So when Jacques came and brought Mme. de Beauséant a sheet of paper folded in a triangle, she trembled, poor woman, like a snared swallow. A mysterious sensation of physical cold spread from head to foot, wrapping her about in an icy winding sheet. If he did not rush to her feet, if he did not come to her in tears, and pale, and like a lover, she knew that all was lost. And yet, so many hopes are there in the heart of a woman who loves, that she is only slain by stab after stab, and loves on till the last drop of lifeblood drains away.
“Does madame need anything?” Jacques asked gently, as he went away.
“No,” she said.
“Poor fellow!” she thought, brushing a tear from her eyes, “he guesses my feelings, servant though he is!”
She read: “My beloved, you are inventing idle terrors for yourself …” The Marquise gazed at the words, and a thick mist spread before her eyes. A voice in her heart cried, “He lies!”—Then she glanced down the page with the clairvoyant eagerness of passion, and read these words at the foot, “Nothing has been decided as yet …” Turning to the other side with convulsive quickness, she saw the mind of the writer distinctly through the intricacies of the wording; this was no spontaneous outburst of love.

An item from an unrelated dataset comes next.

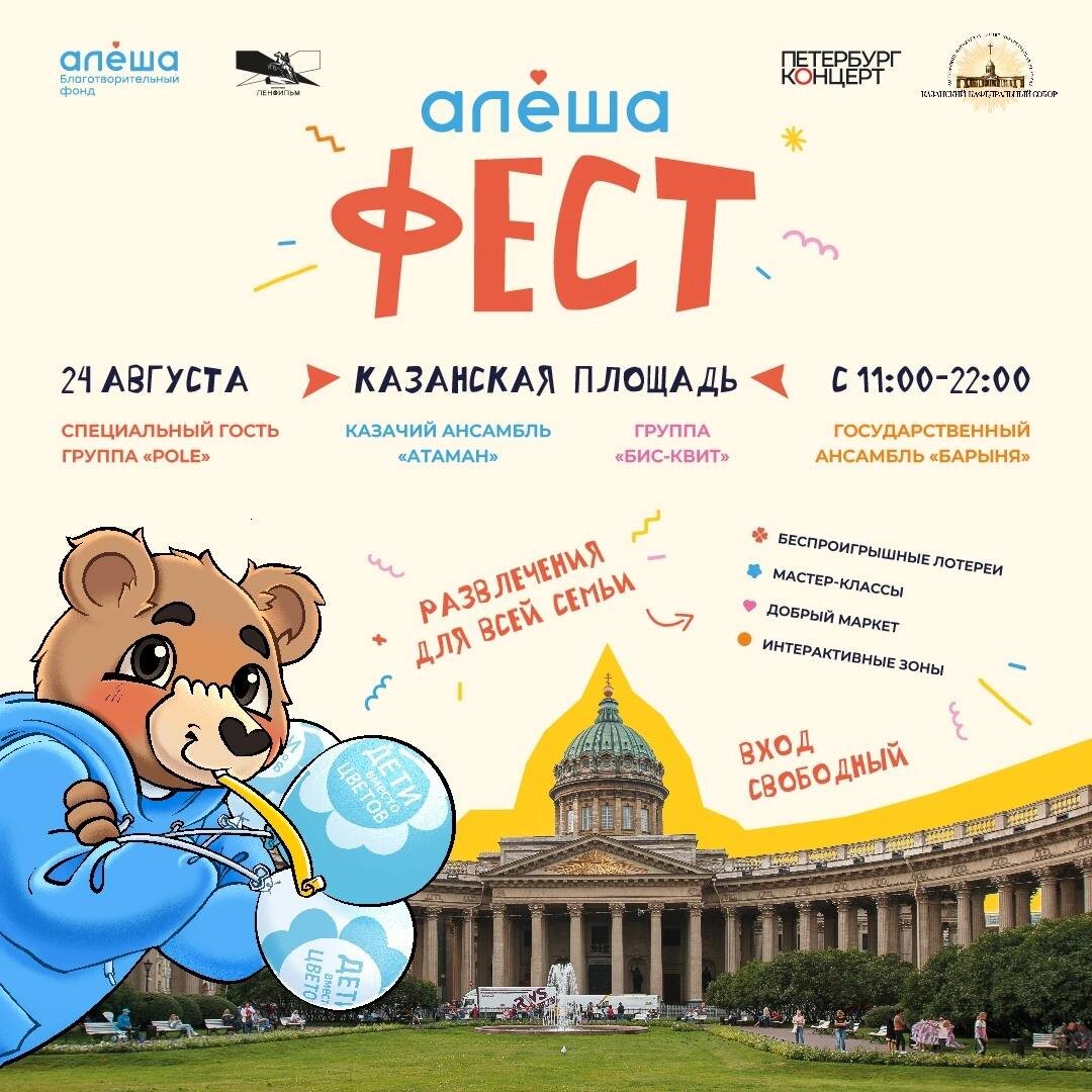 Сегодня в самом центре Санкт-Петербурга, на Казанской площади, пройдёт семейный благотворительный фестиваль «Алёша Фест», приуроченный к началу учебного года. Фестиваль организован в поддержку акции, а основная цель праздника – сбор средств на лечение главной героини акции, Вероники Вашуриной. Что вас ждёт на фестивале? Организаторы подготовили большую развлекательную программу для всей семьи. Гостей ждут интерактивные зоны, мастер-классы, развлекательное пространство от «Ленфильма», представление уличного театра петрушки «БалаганЪ», масштабный маркет добра и многое другое. А ещё на фестивале пройдет розыгрыш ценных призов! 🔵 Генеральный партнер Алеша фест: Казанский кафедральный собор.

She crushed it in her fingers, twisted it, tore it with her teeth, flung it in the fire, and cried aloud, “Ah! base that he is! I was his, and he had ceased to love me!”
She sank half dead upon the couch.
M. de Nueil went out as soon as he had written his letter. When he came back, Jacques met him on the threshold with a note. “Madame la Marquise has left the château,” said the man.
M. de Nueil, in amazement, broke the seal and read:—
“Madame—If I could cease to love you, to take the chances of becoming an ordinary man which you hold out to me, you must admit that I should thoroughly deserve my fate. No, I shall not do as you bid me; the oath of fidelity which I swear to you shall only be absolved by death. Ah! take my life, unless indeed you do not fear to carry a remorse all through your own …”
It was his own letter, written to the Marquise as she set out for Geneva nine years before. At the foot of it Claire de Bourgogne had written, “Monsieur, you are free.”
M. de Nueil went to his mother at Manerville. In less than three weeks he married Mlle. Stéphanie de la Rodière.
If this commonplace story of real life ended here, it would be to some extent a sort of mystification. The first man you meet can tell you a better. But the widespread fame of the catastrophe (for, unhappily, this is a true tale), and all the memories which it may arouse in those who have known the divine delights of infinite passion, and lost them by their own deed, or through the cruelty of fate—these things may perhaps shelter the story from criticism.
Mme. la Marquise de Beauséant never left Valleroy after her parting from M. de Nueil. After his marriage she still continued to live there, for some inscrutable woman’s reason; any woman is at liberty to assign the one which most appeals to her. Claire de Bourgogne lived in such complete retirement that none of the servants, save Jacques and her own woman, ever saw their mistress. She required absolute silence all about her, and only left her room to go to the chapel on the Valleroy estate, whither a neighboring priest came to say Mass every morning.
The Comte de Nueil sank a few days after his marriage into something like conjugal apathy, which might be interpreted to mean happiness or unhappiness equally easily.
“My son is perfectly happy,” his mother said everywhere.
Mme. Gaston de Nueil, like a great many young women, was a rather colorless character, sweet and passive. A month after her marriage she had expectations of becoming a mother. All this was quite in accordance with ordinary views. M. de Nueil was very nice to her; but two months after his separation from the Marquise, he grew notably thoughtful and abstracted. But then he always had been serious, his mother said.
After seven months of this tepid happiness, a little thing occurred, one of those seemingly small matters which imply such great development of thought and such widespread trouble of the soul, that only the bare fact can be recorded; the interpretation of it must be left to the fancy of each individual mind. One day, when M. de Nueil had been shooting over the lands of Manerville and Valleroy, he crossed Mme. de Beauséant’s park on his way home, summoned Jacques, and when the man came, asked him, “Whether the Marquise was as fond of game as ever?”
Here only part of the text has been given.